Some other objects in this module of potential interest are the self-explanatory
SecondaryStructure and
TorsionAngles.
PDB I/O
CSB comes with a number of PDB structure parsers, format builders and database providers, all defined in the
csb.bio.io.wwpdb package. The most basic usage is:
>>> parser = StructureParser('structure.pdb')
>>> parser.parse_structure()
<Structure> # a Structure object (model)
or if this is an NMR ensemble:
>>> parser.parse_models()
<Ensemble> # an Ensemble object (collection of alternative Structure-s)
This module introduces a family of PDB file parsers. The common interface of all parsers is defined in
AbstractStructureParser. This class has several implementations:
- RegularStructureParser - handles normal PDB files with SEQRES fields
- LegacyStructureParser - reads structures from legacy or malformed PDB files, which are lacking SEQRES records (initializes all residues from the ATOMs instead)

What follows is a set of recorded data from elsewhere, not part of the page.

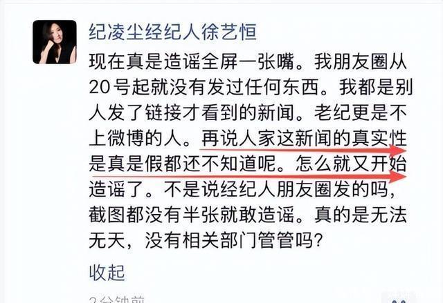 在网上传开后大家都对这样的说法不赞同觉得纪凌尘助理这样的说法未免太恶毒。 随后纪凌尘的经纪人赶紧出来进行了辟谣。 说自己的朋友圈早在二十号之后就没更新过了怎么可能有网上那种言论。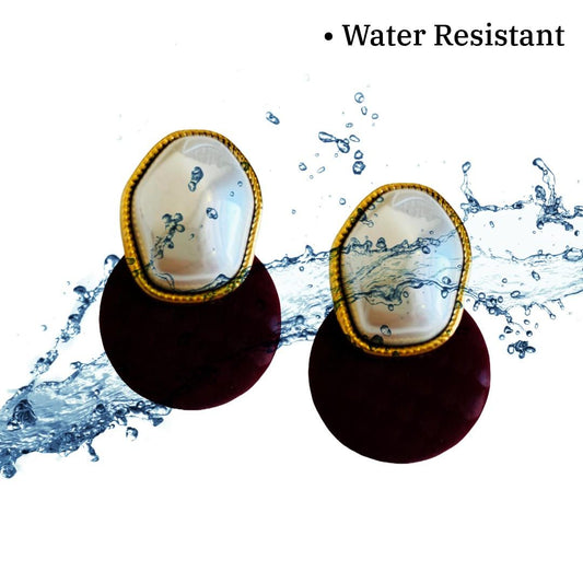 Gold-Plated Round Brown Earrings for Women, Stud Design Earrings, Anti Tarnish, Water Resistant, Lightweight, Gift Packaged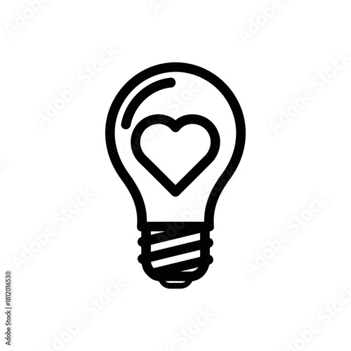 Lightbulb with Heart - Black and White Line Art Symbolizing Love and Inspiration.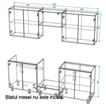 Mobilă pentru bucatarie Smartex (30055) K2 220сm Alb

- PDBHeaderParser - reads only the headers of the PDB files and produces structures without coordinates. Useful for reading metadata (e.g. accession numbers or just plain SEQRES sequences) with minimum overhead
Unless you have a special reason, you should use the
StructureParser factory, which returns a proper
AbstractStructureParser implementation, depending on the input PDB file. If the input file looks like a regular PDB file, the factory returns a
RegularStructureParser, otherwise it instantiates
LegacyStructureParser.
StructureParser is in fact an alias for
AbstractStructureParser.create_parser.
Writing your own, customized PDB parser is easy. Suppose that you are trying to
parse a PDB-like file which misuses the charge column to store custom info. This
will certainly crash
AbstractStructureParser (for good), but you can create your
own parser as a workaround. All you need to to is to override the virtual
_read_charge_field hook method:
class CustomParser(RegularStructureParser):
def _read_charge(self, line):
try:
return super(CustomParser, self)._read_charge(line)
except StructureFormatError:
return None
Another important abstraction in this module is
StructureProvider. It has several implementations which can be used to retrieve PDB Structures from various sources: file system directories, remote URLs, etc. You can easily create your own provider as well. See
StructureProvider for details.
Finally, this module gives you some
FileBuilders, used for text serialization of
Structures and
Ensembles:
>>> builder = PDBFileBuilder(stream)
>>> builder.add_header(structure)
>>> builder.add_structure(structure)
where stream is any Python stream, e.g. an open file or sys.stdout.